Data items
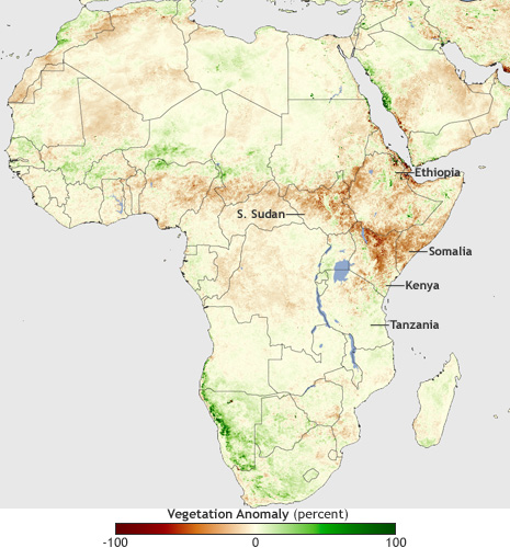 In the region known as the Horn of Africa—the peninsula in eastern Africa south of the Red Sea—a combination of climate variability and social problems make millions of people vulnerable to food shortages. Much of the region has a semi-arid climate, and yet more than 115 million people earn their living through agriculture. When the rains are poor, drought can lead to famine.
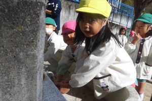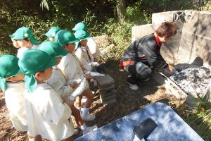 いよいよ焼きに行きます。焼く場所へお芋を持って行って・・・・。焼いているところも興味深々の子ども達。
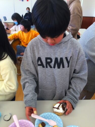 絞り袋をぎゅっと握りしめ、真剣な表情で模様を描く姿は、まるで小さなパティシエ。
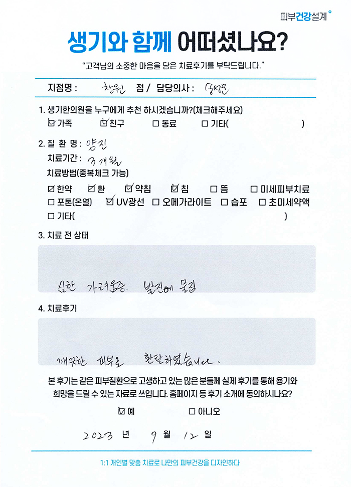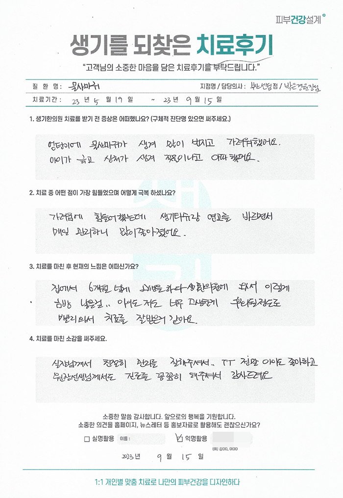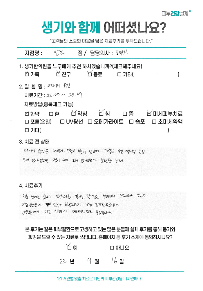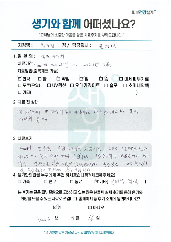 생기한의원과 함께하신 생생한 자필 및 영상 후기를 소개합니다.
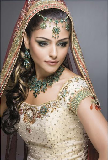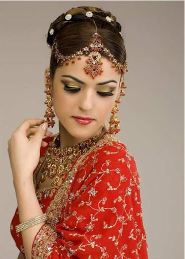 Culture and traditions of India are very different from western culture. Indian wedding and the dress is much more different. As for skin care is just beginning six weeks before the ceremony, and before applying makeup truth. General models for bridal makeup is very colorful. They pay much attention to the preparation of the skin and pit body spirit connection as a basis for beautiful skin. And there are also many decorations are made of gold and other precious metals and precious stones at the bride. His whole body he was decorated with the decoration. The most famous and ornaments used by the Indian brides is an ornament in the middle of the forehead.
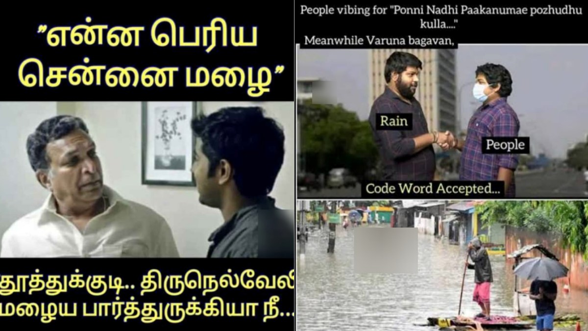 ஆனாலும் வழக்கம் போல், புண் பட்ட மனதை மீம்ஸ் போட்டு ஆற்று என கொஞ்சம் வாய்விட்டு சிரித்தாலாவது, மனப்பிரச்சினைகளில் இருந்து கொஞ்சம் தப்பித்துக் கொள்ளலாம் என மழை பற்றிய மீம்ஸ்களைப் பகிர்ந்து வருகின்றனர் சமூகவலைதளங்களில்.
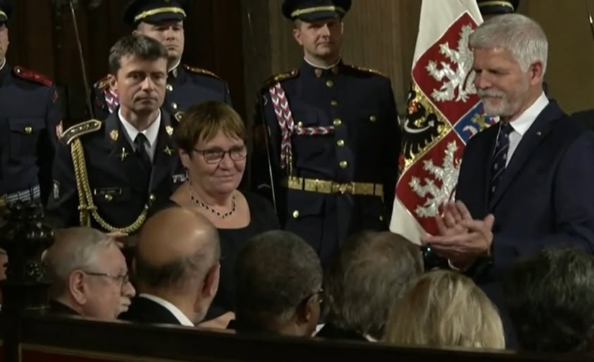 Ve Vladislavském sále právě převzala Řád TGM z rukou prezidenta republiky paní ANNA ŠABATOVÁ, jedna z mluvčích Charty 77, dříve ombudsmanka a předsedkyně Českého helsinského výboru za vynikající zásluhy o rozvoj demokracie, humanity a lidská práva. Srdečně blahopřejeme. (fb)

WHAT IS EXPECTED » Write out, word for word, the stretch of entries that begins at the line with "생기한의원과 함께하신 생생한 자필 및 영상 후기를 소개합니다." and ends at the line with "Culture and traditions". Pictures do not belong in it.

EXERCISE SOLUTION »
 생기한의원과 함께하신 생생한 자필 및 영상 후기를 소개합니다.
 Culture and traditions of India are very different from western culture. Indian wedding and the dress is much more different. As for skin care is just beginning six weeks before the ceremony, and before applying makeup truth. General models for bridal makeup is very colorful. They pay much attention to the preparation of the skin and pit body spirit connection as a basis for beautiful skin. And there are also many decorations are made of gold and other precious metals and precious stones at the bride. His whole body he was decorated with the decoration. The most famous and ornaments used by the Indian brides is an ornament in the middle of the forehead.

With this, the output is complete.